The ActiveScale Storage Cluster is very useful for providing high-speed storage within a cluster. A typical approach for HPC clusters would have a dedicated network for parallel communication and attach each node of the cluster to a storage network where the ActiveScale Storage Cluster is attached. Then each node can communicate directly to the file system.

Terrascale

Terrascale Technologies has a software only solution for high-performance storage for clusters. Their product, TerraGrid, uses standard Linux file system tools such as md, lvm, and evms in conjunction with Linux file systems such as ext2 for a global name space. The key to TerraGrid is the use of the iSCSI protocol together with proprietary drivers and file system patches to unify the storage space across multiple servers. It supports native Linux file systems and can export the file system using NFS and CIFS (for those occasional Windows hold out).

TerraGrid is a global name space file system. It uses the md tools in Linux to aggregate the space together, presenting the file system layer with a large multi-port virtual hard disk.

In tests TerraGrid enable compute nodes can sustain 100 Mbyte/sec (Megabytes per second) of single-stream I/O (Input/Output) performance. It scales fairly linearly to hundreds of nodes until either the network or the pool of I/O servers is saturated.

Data Direct Networks

While Data Direct Networks (DDN) does not deliver a complete storage solution with a storage system and a file system, they are a major distributor in the HPC and cluster market for a robust high-speed scalable storage system. Their S2A8500 storage system can achieve 1.5 Gbytes/sec in sustained throughput with either Fibre Channel disks or Serial ATA (SATA) disks. The company says that they can scale from a handful of disks to over 1,000 disks. This corresponds to tens of Terabytes in space up to over a Petabyte of storage. This allows the throughput to scale from 1.5 Gigabytes/sec to tens of Gigabytes/sec.

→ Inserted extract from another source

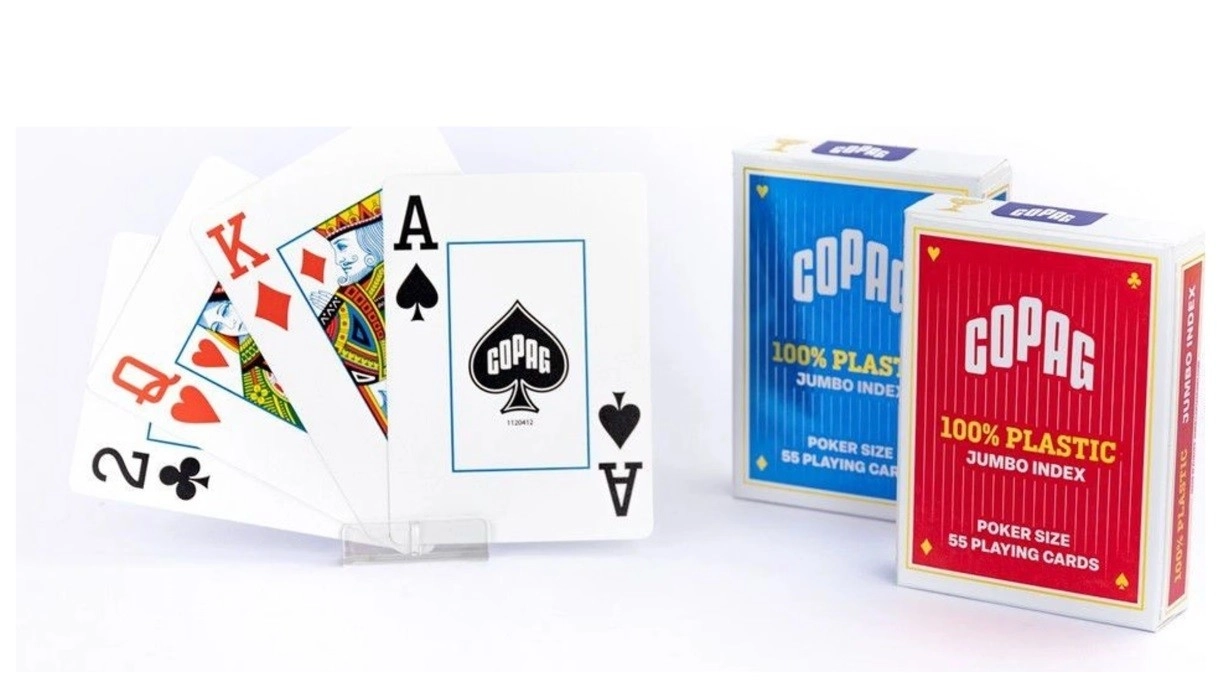 • Two decks of COPAG cards in Jumbo Face format guarantee excellent readability and long life.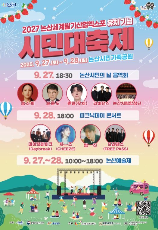 [한국기자연대] 논산시는 오는 27일부터 28일까지 논산시민가족공원에서 ‘2027 세계딸기산업엑스포 유치기념 시민대축제’를 개최한다.

The S2A8500 is a 2U box that supports four 2 GB/sec ports or two 4U boxes with eight 2 GB/sec ports. It can support up to 20 Fibre-Channel loops supporting Fibre or SATA disks. It can accommodate up to 1,120 disks resulting in up to 130 TB using Fibre Channel disks or 250 TB using SATA disks. The controllers can be configured in a SwiftCluster configuration to achieve over 1 Petabyte in storage.

The file system built using the storage system can be exported and mounted on the compute nodes using a variety of schemes. For instance, you can use normal NFS or connect the nodes using Fibre Channel networking for the compute nodes.